El reto, que presenta la crítica de la política que llevó a cabo el gobierno griego en 2015, no consiste principalmente en determinar las responsabilidades respectivas de Tsipras o de Varoufakis como individuos. Lo fundamental es analizar la orientación político-económica que fue puesta en práctica, con el fin de determinar las causas del fracaso, de ver qué otras opciones se podrían haber tomado y aprender las lecciones pertinentes sobre lo que un gobierno de la izquierda radical puede hacer en un país de la periferia de la zona euro.
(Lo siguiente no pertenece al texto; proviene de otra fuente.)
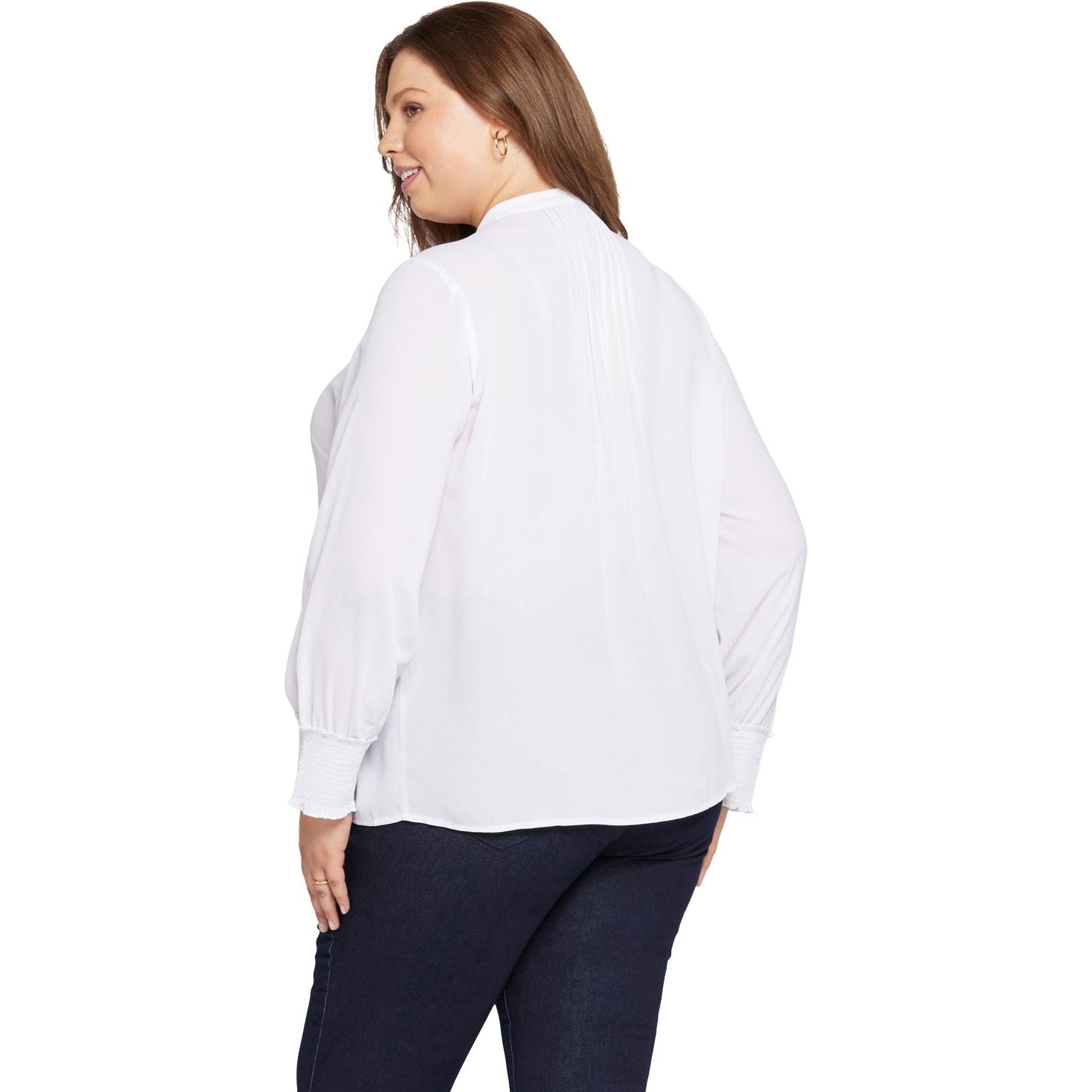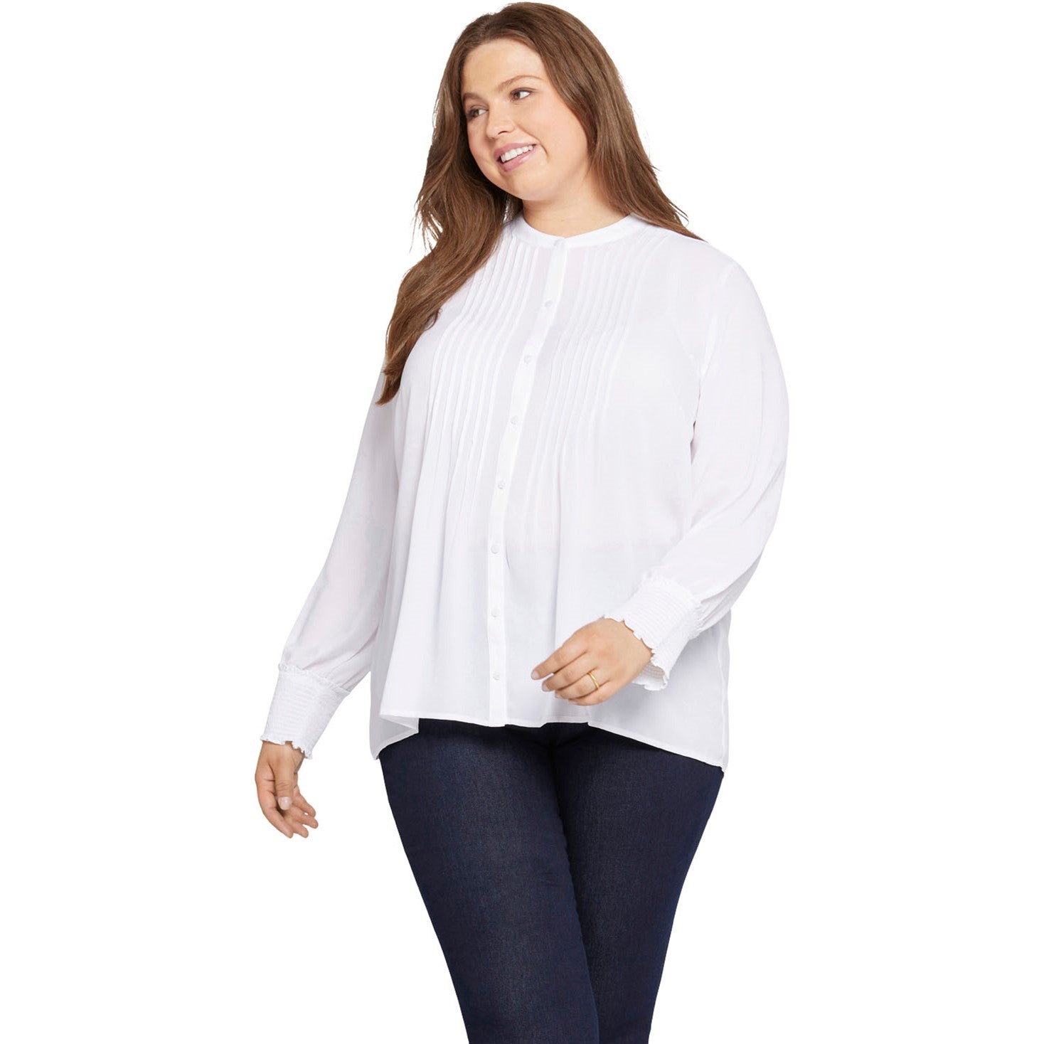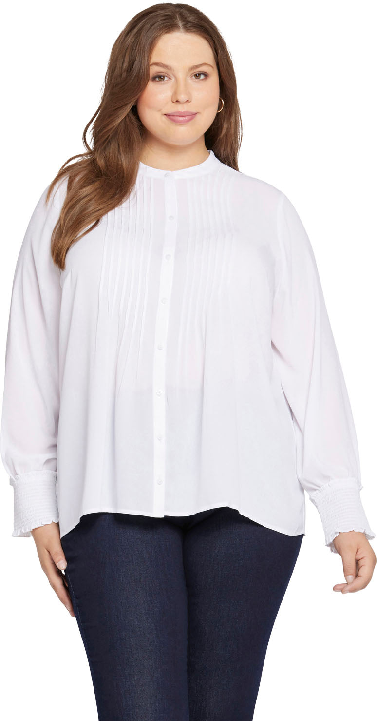 With vintage-inspired details and a soft, romantic silhouette, NYDJ's Pleated Peasant Blouse in Plus Size is perfect for dressing up your favorite denim. Front and back pleats and long, full sleeves gathered into stretch-smock cuffs give it a lovely handcrafted look. Finished with a band collar and front button closure. This blouse is made with a sustainable polyester fiber created from 100% post-consumer plastic waste, resulting in less water and energy use and fewer greenhouse gas emissions without changing the look and feel of the fabric.

Recordemos que, el 20 de enero de 2015, Varoufakis firmó un desastroso acuerdo con el Eurogrupo. En virtud del mismo, Grecia se comprometió a pagar a sus acreedores siguiendo el calendario previsto. Y eso implicaba desembolsar 7.000 millones de euros, en varios plazos, hasta el 30 de junio de 2015. Se debía pagar 5.000 millones de euros al FMI, a pesar de ser uno de los principales responsables de las políticas catastróficas. Según ese acuerdo, también era necesario que Grecia sometiera al Eurogrupo, para su aprobación, las nuevas propuestas de «reformas» y de medidas de austeridad en el marco del segundo memorando en vigencia desde 2012, y que fue prolongado cuatro meses por una decisión acordada entre el gobierno griego y el Eurogrupo. Después de haber firmado ese acuerdo en Bruselas, Varoufakis volvió a Atenas donde sufrió la crítica de figuras emblemáticas de la resistencia y del combate.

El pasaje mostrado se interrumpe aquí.